Metrics
Table Metrics
All table metrics are generated from metadata, ensuring close to zero resource footprint.
Volume
| Metric Name | Description | Units |
|---|---|---|
| Row Count | Total number of rows | rows |
| Output Bytes | Total size of data written | bytes |
| Files Size | Total size of data read | bytes |
| Partition Count | Number of partitions accessed (read or written) | partitions |
| Files Count | Total number of files accessed (read or written) | files |
| Parts Count | Total number of file segments accessed | file-parts |
Schema
| Metric Name | Description | Units |
|---|---|---|
| Column Count | Total number of columns in the table | columns |
| Schema Changes | Number of schema changes since the previous run | columns |
Freshness
| Metric Name | Description | Units |
|---|---|---|
| Table Freshness | Time elapsed since the last table update (for input tables) | seconds |
Column Metrics (Distribution)
These metrics require definity to add dedicated queries in the task execution.
| Metric Name | Description | Units |
|---|---|---|
| Null Percent | Percentage of null values in the column out of total rows | % |
| Distinct Count | Count of distinct values in the column | |
| Distinct Percent | Percentage calculated as Distinct Count / Query Row Count | % |
| Unique Percent | Percentage of distinct values out of non-null entries in the column | % |
| Value Histogram | Histogram of values for low-cardinality fields | |
| Min/Max/Average/Standard Deviation | Summary statistics for numeric columns | |
| NaN Count | Count of NaN values in numeric columns | |
| Max Time | Maximum time value in the column.

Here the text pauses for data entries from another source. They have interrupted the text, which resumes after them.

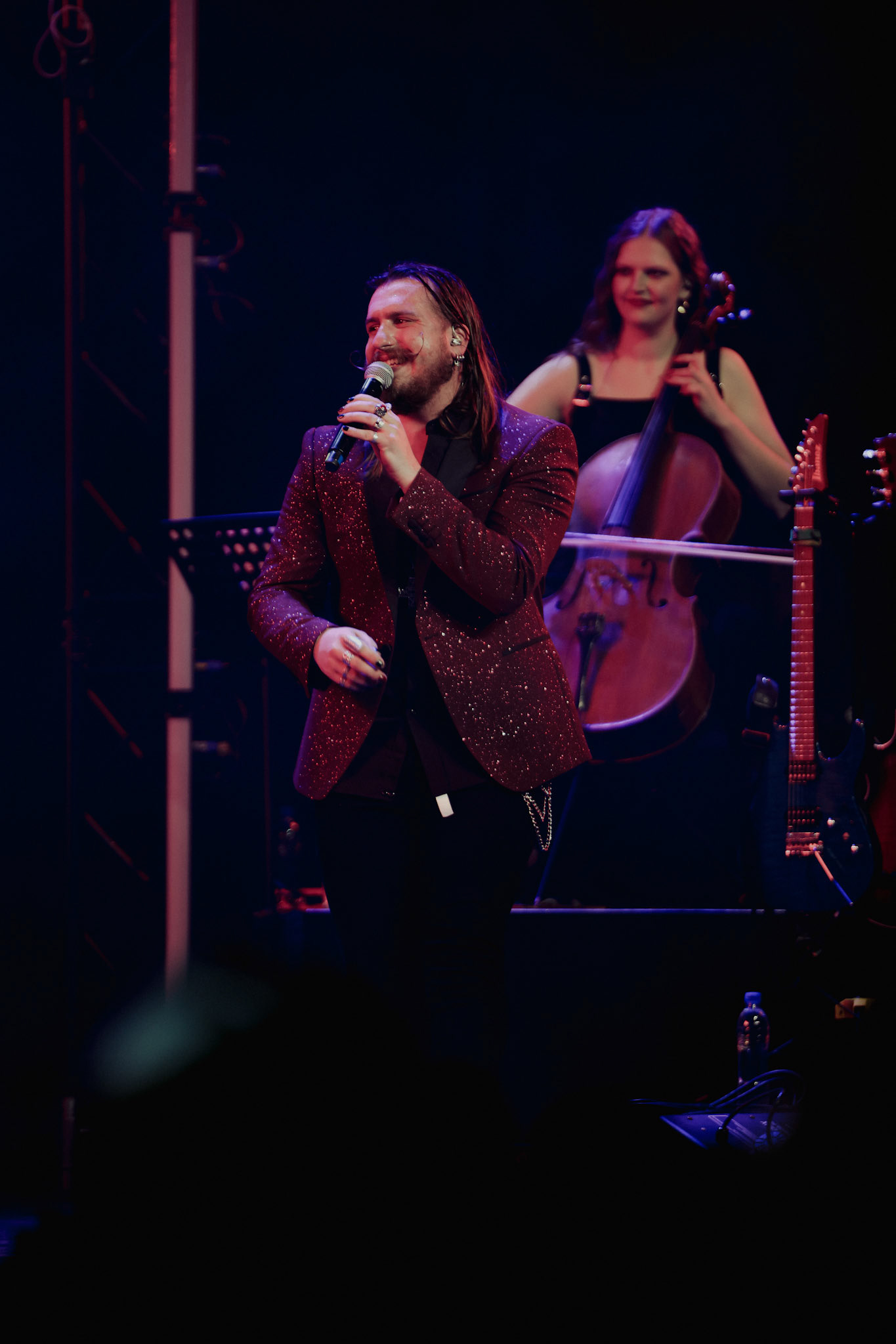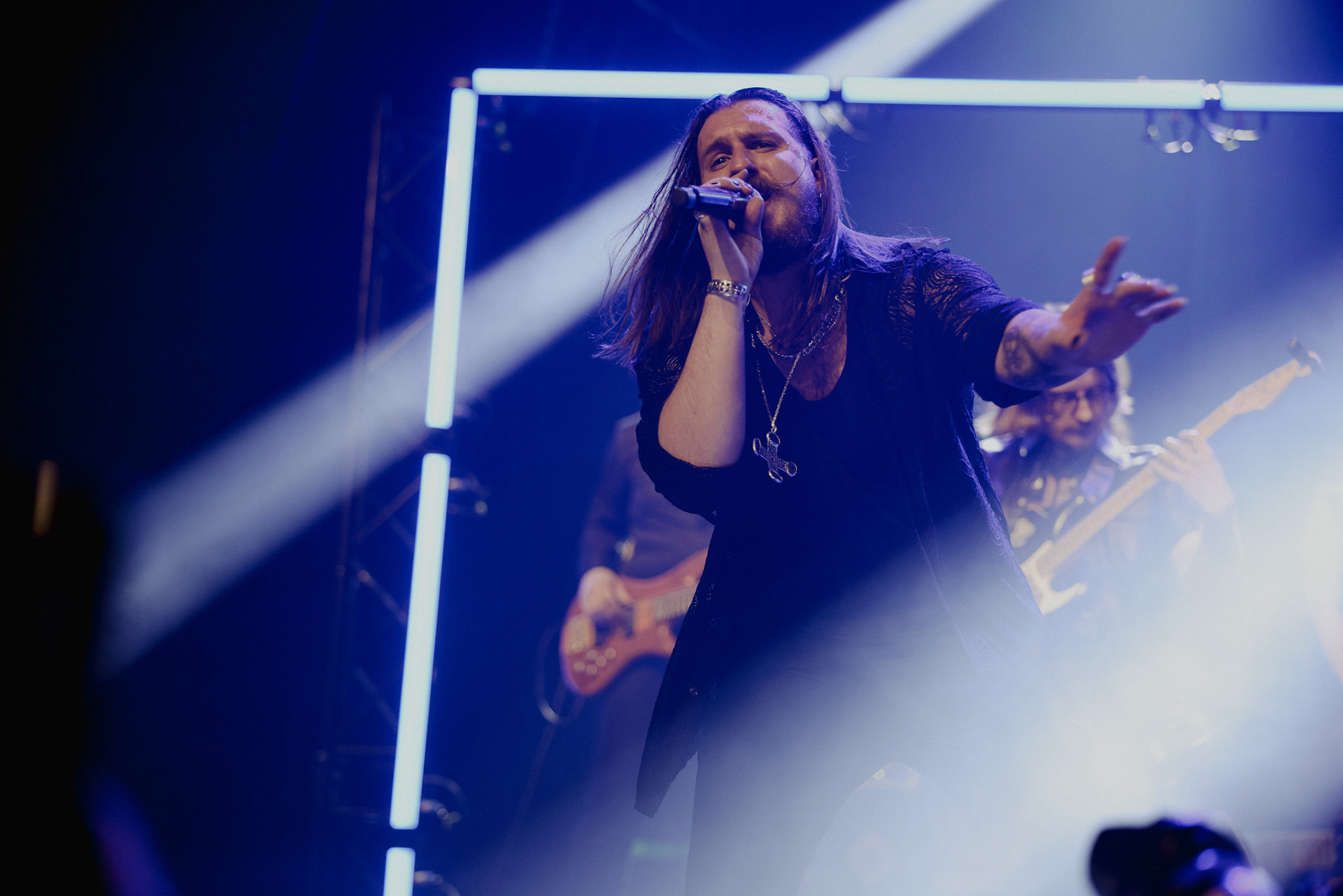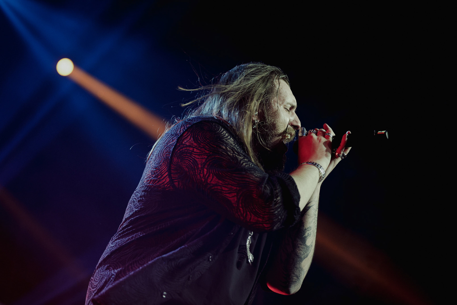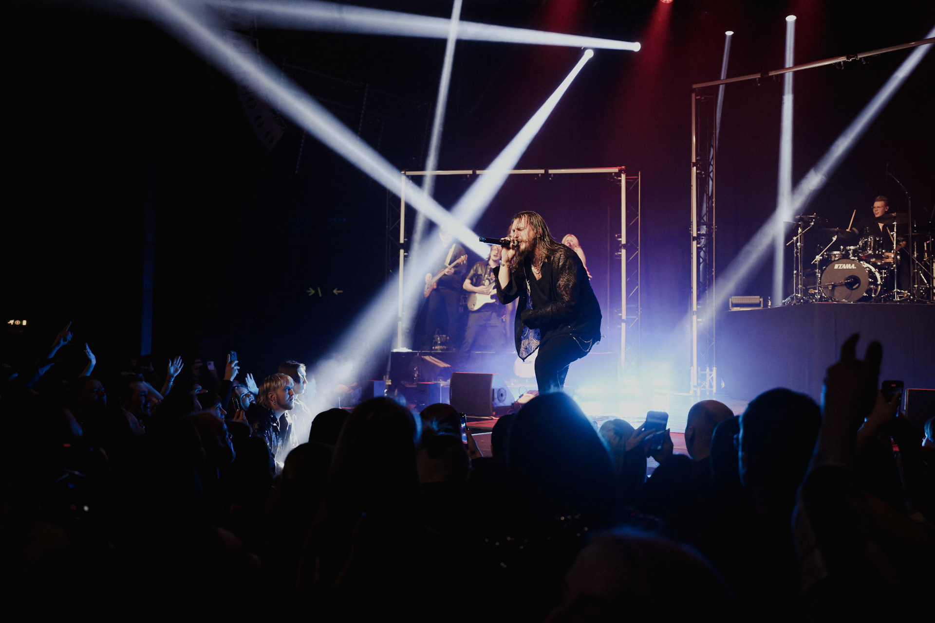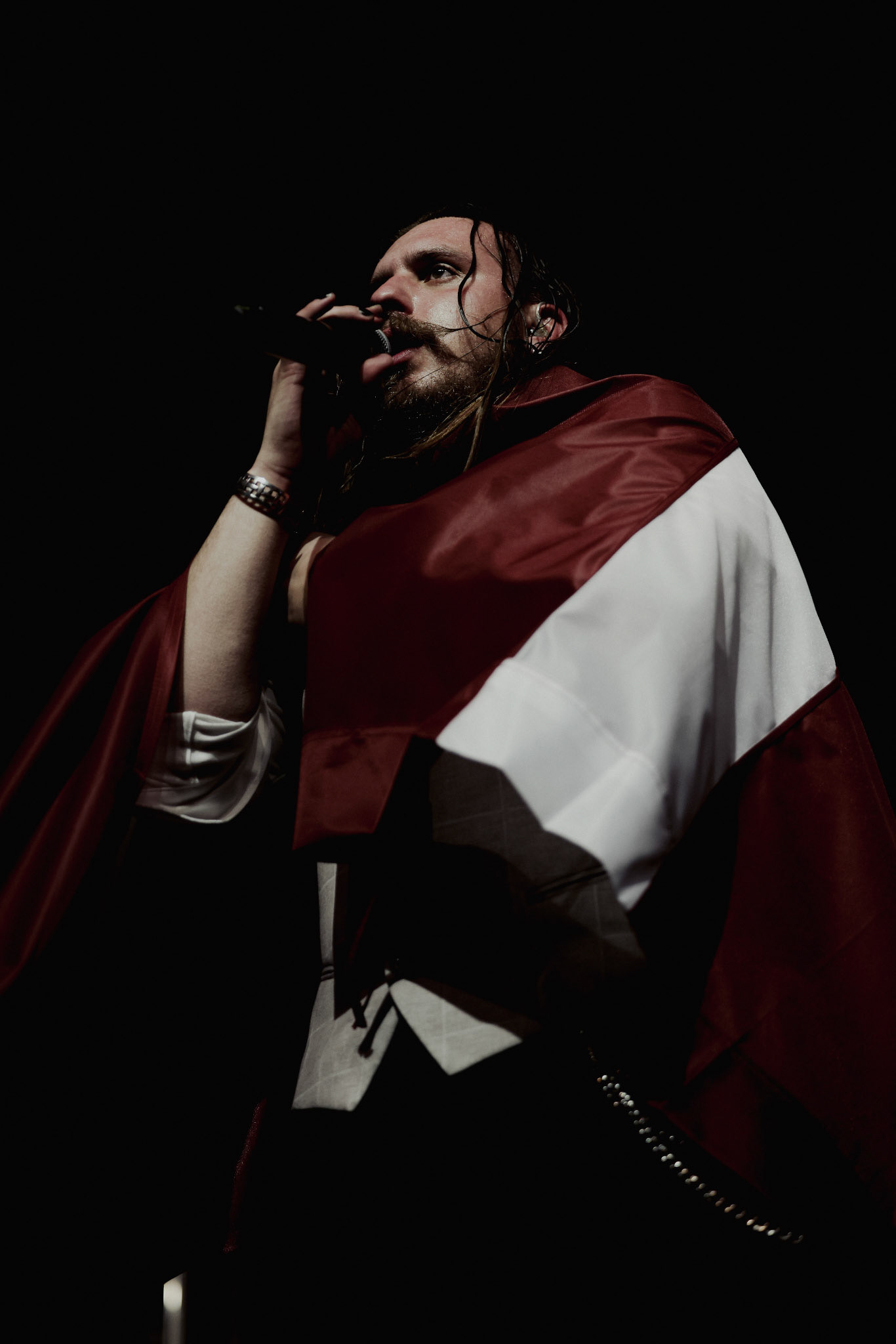 Concert photography from Miks Galvanovskis performance at Palladium Riga, capturing his emotional delivery, dynamic stage presence, and the intimate connection with the audience.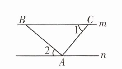 1. 如下左图,直线$m// n$,点$A在直线n$上,点$B在直线m$上,连接$AB$,过点$A作AC\perp AB$,交直线$m于点C$,若$\angle 1 = 50^{\circ}$,则$\angle 2$的度数为 (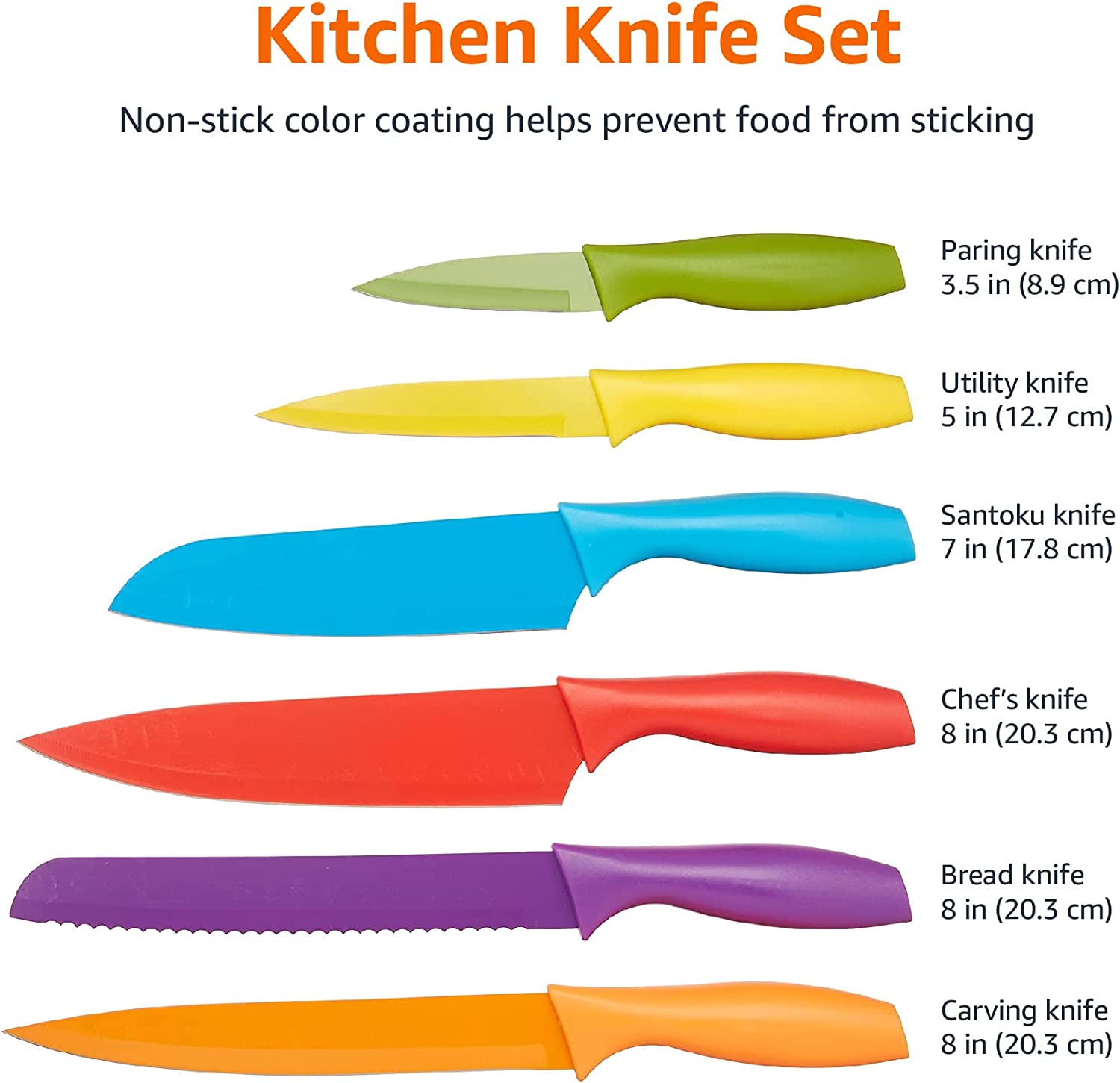 12-piece color-coded knife set includes 6 knives with matching knife covers; Knives include: paring knife, utility knife, Santoku knife, carving knife, chef’s knife, and bread knife

Supported types: timestamp, date, long/int (epoch time in seconds/ms), string (formats like yyyy-MM-dd HH:mm:ss, yyyy/MM/dd HH:mm:ss) | seconds |
| Data Freshness | Time difference between the read time and the column's Max Time value | seconds |
| Live Data Freshness | Real-time freshness of data, measured as the time elapsed since the column's Max Time value (updated periodically) | seconds |
Partitioned Tables
For partitioned tables, definity automatically identifies the relevant partitions accessed during task execution and calculates metrics specific to those partitions.
Execution Metrics
Time
| Metric Name | Relevant Assets | Description |
|---|---|---|
| Execution Time | Pipeline, Task, Transformation | Total elapsed time for execution |
| Process Time | Pipeline | Total execution time across all tasks |
| SLA Time | Pipeline, Task | Time elapsed since the last execution started |
| Skew Time | Task | Time spent in a "skewed" state |
| Task Idle Time | Task | Time during which no queries were executed (driver-only activity) |
Environment
| Metric Name | Relevant Assets | Description |
|---|---|---|
| Param Count | Task | Total number of parameters in the task |
| Count Param Changes | Task | Number of parameter changes in the task |
Resources
| Metric | Relevant Assets | Description | Units |
|---|---|---|---|
| Task Count | Pipeline | Number of tasks executed in the pipeline | |
| TF Count | Task | Number of transformations executed in the task | |
| VCore Time | Pipeline, Task, Transformation | Allocated/Used/Utilized VCore time for asset | VCore-seconds |
| Memory Time | Task, Pipeline | Total memory time allocated for this task | GB-seconds |
| Memory | Task | Allocated and utilized memory, including driver and executor usage (heap/off-heap) | GB |
| Spark Executors Count | Task | Number of Spark executors (running and failed) | |
| Spark Job/Stage/Task Count | Task, Transformation | Counts of Spark jobs, stages, tasks (including failures and retries) | |
| Data IO | Task | Total counts and size of inputs, outputs, shuffles (read/write) | bytes |
| Broadcasts | Task | Total counts and time for broadcast operations, including failures | |
| Spill | Task | Total size of disk and memory spills during task execution | bytes |
| Definity Driver Time | Task | Driver time overhead for definity operations | seconds |